Your question led me to:
Pinals, RS (1988) Sulfasalazine in the Rheumatic Disease. Seminars in Arthritis and Rheumatism 17:246-259. I reproduce the introduction to this paper below:
Most physicians are familiar with sulfasalazine (SSZ) as an agent commonly used to treat inflammatory bowel disease for more than 40 years. In 1978, McConkey et al reported preliminary studies suggesting that this sulfonamide might be effective in rheumatoid arthritis (RA).1 The use of SSZ arose from earlier open and controlled trials with a sulfone, dapsone, which had demonstrable efficacy in RA, but the benefits were accompanied by relatively frequent, often unacceptable adverse effects.2 Dapsone was effective in dermatitis herpetiformis, presumably because of immunosuppressive activity. Another therapeutic agent for this skin disorder was sulfapyridine (SP), a drug with a poor record of gastric tolerance. Therefore, McConkey et al elected to try SSZ, a compound that released sulfapyridine in the bowel after passage through the stomach. Ironically, McConkey was initially unaware that SSZ had been synthesized specifically to treat RA in the late 1930s. In 1980, McConkey et al reported their open experience with SSZ in 74 patients treated for up to 1 year.3 The improvement in erythrocyte sedimentation rate (ESR), C-reactive protein (CRP), and clinical score (a global evaluation) was similar to that achieved with the disease-modifying antirheumatic drugs (DMARDs), and appeared somewhat sooner, often within 2 months. Moreover, although adverse effects were frequent, they were seldom of sufficient severity to discontinue treatment. This encouraging report led to several controlled trials in the United Kingdom and elsewhere, all confirming the efficacy of this interesting agent. The first study in the United States has been reported4 and, although SSZ has not been approved by the Food and Drug Administration for use in RA, many rheumatologists have used it as an alternative DMARD because of its availability and long record of safety and efficacy in inflammatory bowel disease.

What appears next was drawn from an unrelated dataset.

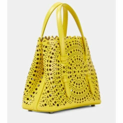 Alaïa’s Le Mina 20 Mini tote is characterized by the label’s signature laser-cut New Vienne motifs. Made from smooth yellow leather with laced-though top handles, it’s a design that will effortlessly segue into any edit.

What I have gleaned from this and a couple of papers cited there is that B McConkey, working at a hospital in Birmingham in the UK became interested in developing methods of clinical assessment of rheumatoid arthritis (RA) in the 1960s and this led eventually to the discovery that the drug dapsone is effective as a treatment but with an unacceptable level of adverse side effects. Then, to quote McConkey:
We had studied dapsone partly because of its effect in leprosy and dermatitis herpetiformis; its mode of action in those diseases may be through its immunosuppressant properties. Another drug used in dermatitis herpetiformis is sulphapyridine;it did not attract us as a contender but it is a constituent of salicyl-azo-sulphapyridine (sulphasalazine), a compound originally formulated for RA and latterly found to have immunosuppressant properties.
McConkey et al (1980) Sulphasalazine in rheumatoid arthritis. British Medical Journal 1: 442-444
(This is ref 3 in the Pinals introduction.)
So clearly there was a strand of chemical logic in the rediscovery of the drug; the only serendipitous aspect was that McConkey did not at first know that sulfasalazine was originally designed as a treatment for RA.